Combined reconstruction of the MPFL and MPTL is receiving increasing interest, probably a consequence of new anatomical, biomechanical, and histological studies which report that the MPTL is a true ligament, with specific biomechanical proprieties important for patellofemoral tracking and stability. Furthermore, this combined reconstruction can improve outcomes if compared with isolated MPFL reconstruction, reducing surgical morbidity and decreasing the need for bony procedures such as TTO in patients with borderline patella alta/lateralized force vector, and the use of trochleoplasty in patients with moderate dysplasia.

Rehabilitation protocols, reported in the available scientific literature, are different, and vary from restrictive (progressive weight bearing with a brace locked in extension for two weeks) to partially restrictive (full weight bearing with crutches and isometric quadriceps strengthening, progressive increase of ROM to 0°–90° within sixth weeks).

Routine reconstruction of both MPFL and MPTL may become a part of the algorithms used for the management of patellar instability, but, at present, because a meta-analysis was not possible, we can only conclude that good clinical outcomes were achieved by combined MPFL and MPTL reconstruction.

Given the lack of randomised controlled trials and the low number of studies, we are unable to define the ideal situation for combined MPTL and MPFL reconstruction. Probably, the indications suggested by Hinckel et al., such as subluxation in extension, instability in flexion, knee hyperextension with ligamentous laxity, and skeletal immaturity with associated risk factors, supported by anatomical and biomechanical studies, may be used, at least until stronger clinical evidence is available.
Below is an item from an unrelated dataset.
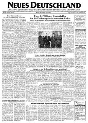 Die Bevölkerung Westdeutschlands wendet sich, wie das ganze deutsche Volk, immer entschiedener gegen die Versuche Adenauers, den erfolgreichen Verlauf der Viererkonferenz in Berlin zu vereiteln, wie das besonders deutlich die Ansetzung der Wehrdebatte für den 14. Januar zeigt. Diese Stimmung spiegelt sich auch in einer großen Zahl bürgerlicher Pressestimmen wider ...

In conclusion, the available scientific literature regarding combined MPTL and MPFL reconstruction suggests that this procedure leads to favourable clinical outcomes with minimal morbidity, supporting its use as a valid surgical alternative for the management of recurrent lateral patellar dislocations and clinical instability. However, the quality of the scientific articles available is variable, from low to high, and appropriate RCTs are needed to understand the adequate indications for surgery in case of patellar instability.